CLEARWATER — A mentally ill man pleaded guilty this morning to trying to kill a black city employee three years ago while yelling a racial epithet, on the condition he doesn’t spend more than 20 years in prison.
Gerald Prebe, a 38-year-old design school dropout who is bipolar, was charged with attempted murder and leaving the scene of a crash involving injury after he rammed his Nissan pickup into Terry Butler, who he didn’t know, on April 28, 2011.
At the time, Butler, now 54, was taking a break from his job with Clearwater’s traffic and engineering department when the Nissan pinned him against his own pickup, a Ford, on a city street. Butler suffered leg and back injuries, and eventually had to retire on a disability pension.

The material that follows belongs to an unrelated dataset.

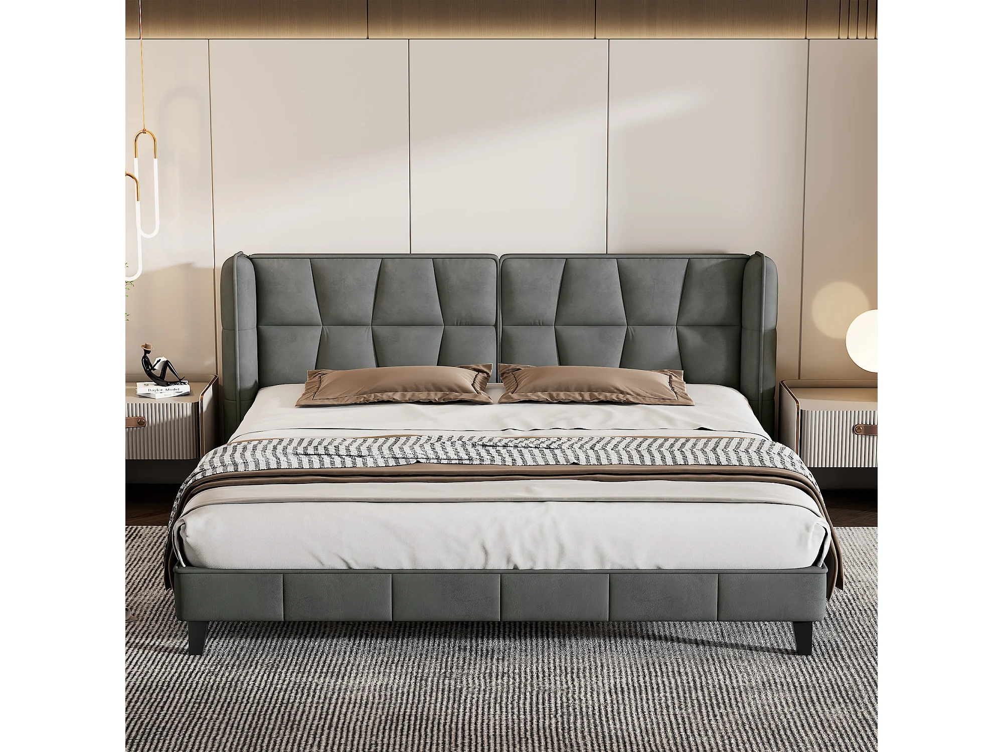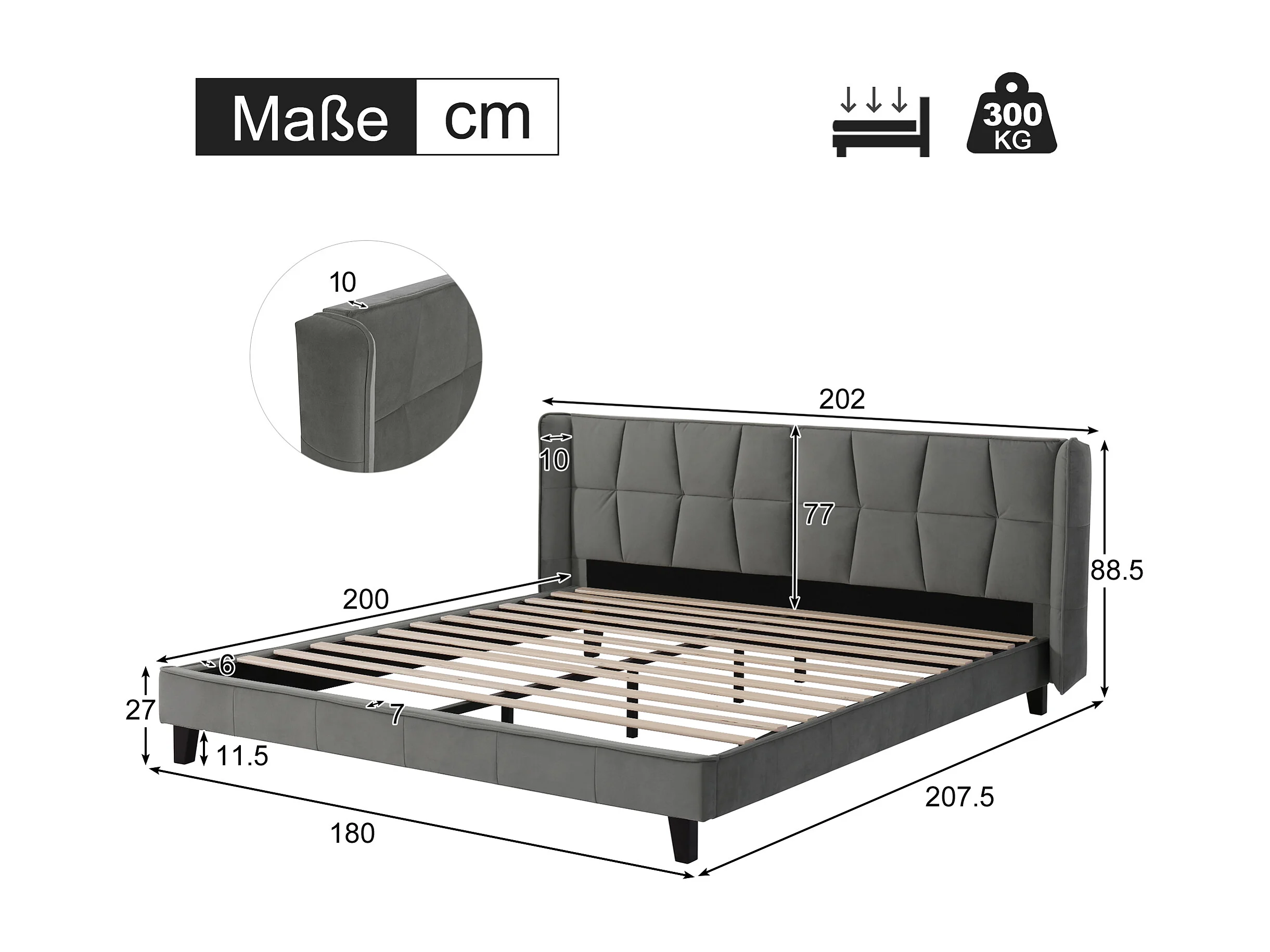 Lit adulte 180x200 cm avec sommier - tête de lit rembourré - bois - velours gris (sans matelas)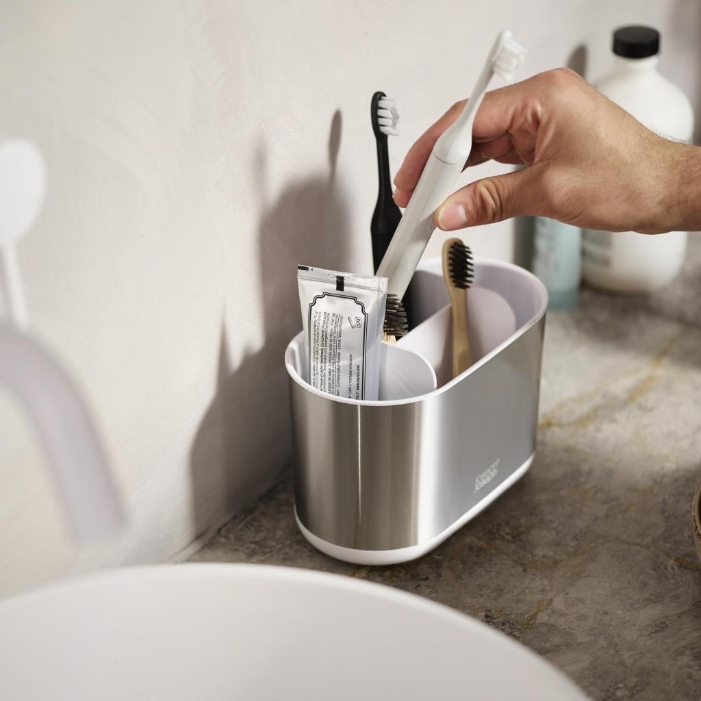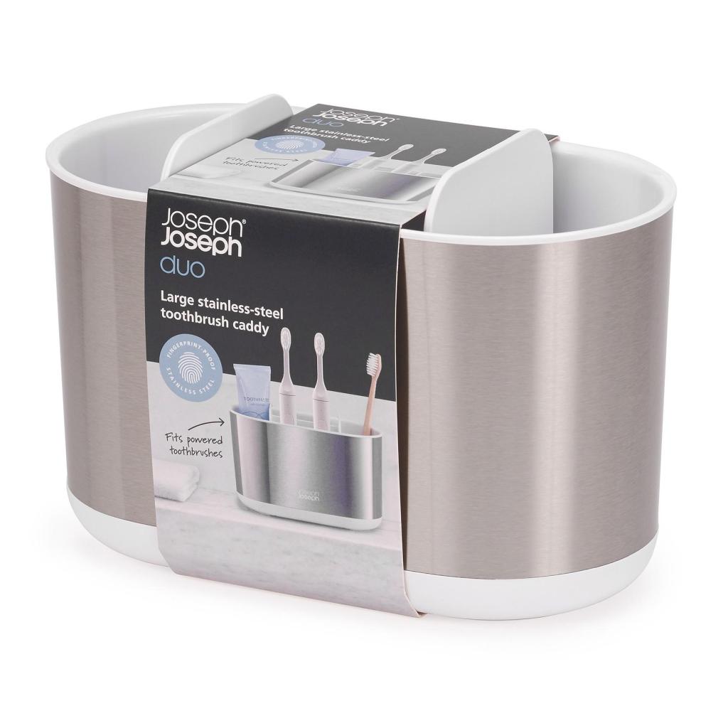 - Поставката за четка за зъби Joseph Joseph DUO STEEL предлага щедро и ясно структурирано пространство за ежедневна орална хигиена за цялото семейство.

Prebe, who had his wife and son with him at the time of the crime, drove off afterward and went to his sister’s house.
Bjorn Brunvand, one of Prebe’s defense attorneys, told Pinellas Circuit Judge Joseph Bulone this morning that at the time he ran into Butler, Prebe thought terrorists were following him.

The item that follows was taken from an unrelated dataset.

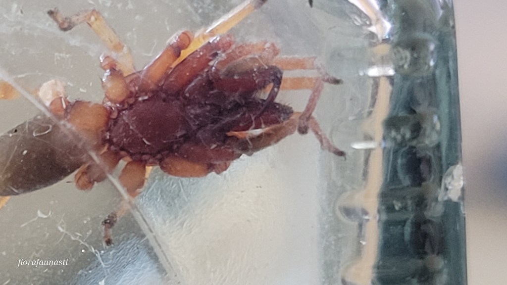 One of my first posts was about the Broad-faced Sac spider and they look very similar but there are some major differences, the first being the massive labidognathous chelicerae. Let me explain what that means so you can avoid having to do extra research. The chelicerae are mouthparts of the subphylum Chelicerata, which spiders belong to. There are three types of chelicerae one of which is known as Jackknife chelicera, which has two different forms. One form opens parallel to the body and is called orthognathous chelicerae, the other form is rotated and opens at right angles to the body (creating more of a pinching motion), this second form is called labidognathous chelicerae and is found in the infraorder Araneomorphae, which woodlouse spiders belong to. Another easy way to tell the two apart is by their eyes. Woodlouse spiders have 6 eyes closely arranged in an “arch” whereas the broad-faced sac spiders have 8 eyes with more of a “smiley face” pattern. After writing that last sentence I realized the bulk of my readers probably won’t be getting close enough to look at the eye patterns of their house and garden guests…but if you do, now you know.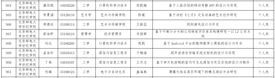 我院共推薦八篇畢業設計(論文)參加2019年北京市普通高等學校優秀本科生畢業設計(論文)。佳報傳來,八篇均被評為北京市普通高等學校優秀本科生畢業設計(論文),具體獲獎名單如下:

If convicted by a jury, Prebe could have been sent to prison for a maximum of 35 years, which was the sentence preferred by Butler, Assistant State Attorney Christopher Ballard said in court.

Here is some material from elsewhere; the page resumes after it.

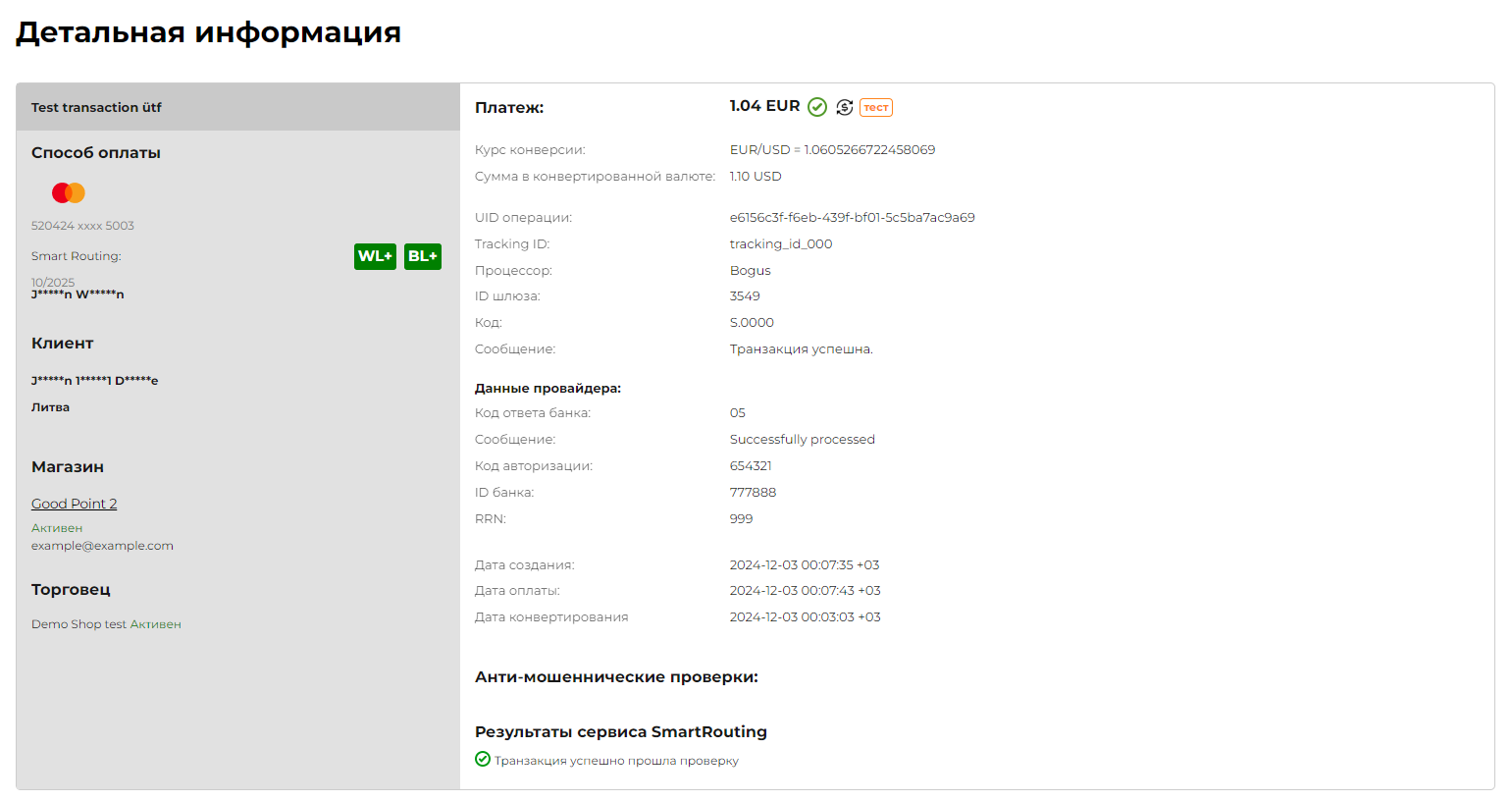 Сконвертированная сумма будет отображена торговцу в автоматическом уведомлении по транзакции, а также будет доступна в отчете и на странице детальной информации о транзакции.

But prosecutors had long had a different offer on the table — a 20-year sentence, followed by 10 years probation.
Brunvand wanted a significantly shorter prison sentence for his client in exchange for a plea — 8 1/2 to 10 years in prison.
Ballard persuaded Butler to accept a 20-year cap, meaning Prebe can’t be sentenced to more than that amount when Bulone decides what punishment to mete out on March 21.
“It’s reasonable,” Butler said of the arrangement.